Il rinomato sassofonista Roberto Ottaviano porta all'attenzione degli ascoltatori il suo progetto "Dark Sides", un'opera che si distingue per la sua profondità e per le sue esplorazioni sonore audaci. Con brani come "Preachers And Merchants", "Musk Aroma Therapy For Trumpeters", "Syte" e "Goin' Home", Ottaviano dimostra una continua ricerca artistica che lo porta a mescolare il sax soprano e il clarinetto con strumenti e suoni inusuali. La sua formazione include Peppe Frana all'oud, Luca "DJ Rocca" Roccatagliati alle elettroniche, loops e sampling, Giorgio Vendola al contrabbasso e alle elettroniche, e Ermanno Baron alla batteria e percussioni. Questa combinazione di strumenti tradizionali e tecnologie moderne crea un soundscapes ricco e avvincente, che sfida le convenzioni del jazz e introduce l'ascoltatore in territori musicali inesplorati. "Dark Sides" non è solo un album, ma un'affermazione artistica che consolida la posizione di Ottaviano come uno dei musicisti più innovativi e coraggiosi della scena jazz italiana e internazionale, capace di evocare atmosfere intense e contemplative attraverso la sua musica.
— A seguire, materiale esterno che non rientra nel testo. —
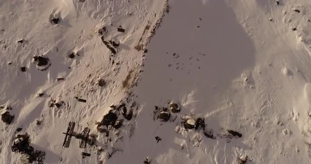 > Aerial shot on ski track on a sunny day with amazing landscape
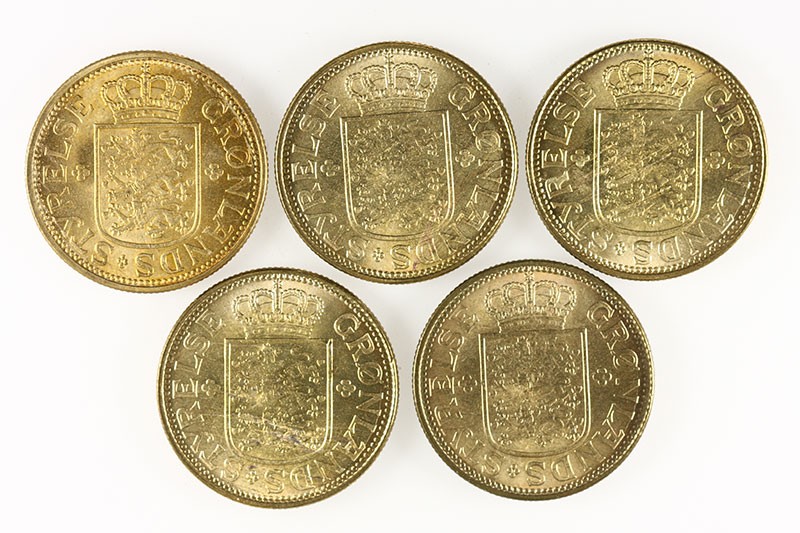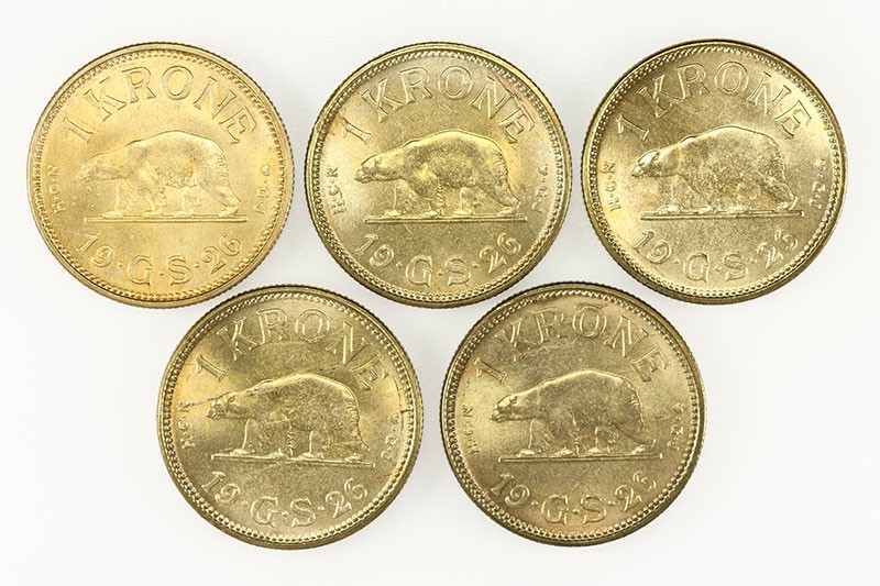 Greenland. Danish Colony. Quintet of Krones, 1926. Polar bear striding left. Sieg 4.1, KM 8. Choice Brilliant Uncirculated. (5)

Nel suo lavoro "Dark Sides", Roberto Ottaviano si immerge in un universo sonoro dove la tradizione jazzistica incontra l'elettronica e le sonorità mediorientali, grazie all'inclusione dell'oud. Questo progetto è una testimonianza della sua incessante volontà di superare i confini musicali, proponendo un'esperienza d'ascolto che è al tempo stesso complessa e accessibile. I brani scelti, con i loro titoli evocativi, suggeriscono un viaggio attraverso temi profondi e riflessioni intime, tradotte in musica attraverso arrangiamenti sofisticati e improvvisazioni magistrali. La presenza di "DJ Rocca" Roccatagliati con le sue elettroniche, i loops e i sampling, insieme alle elettroniche di Giorgio Vendola, aggiunge una dimensione contemporanea e sperimentale, creando texture sonore inaspettate che si fondono armoniosamente con le melodia e l'armonia più tradizionali. Ermanno Baron alla batteria e alle percussioni fornisce un supporto ritmico versatile e dinamico, capace di adattarsi alle diverse atmosfere create. L'opera "Dark Sides" rappresenta un punto di arrivo significativo nel percorso artistico di Ottaviano, confermando la sua capacità di innovare e di mantenere alta la qualità della sua proposta musicale, rendendola sempre fresca e rilevante nel panorama del jazz moderno.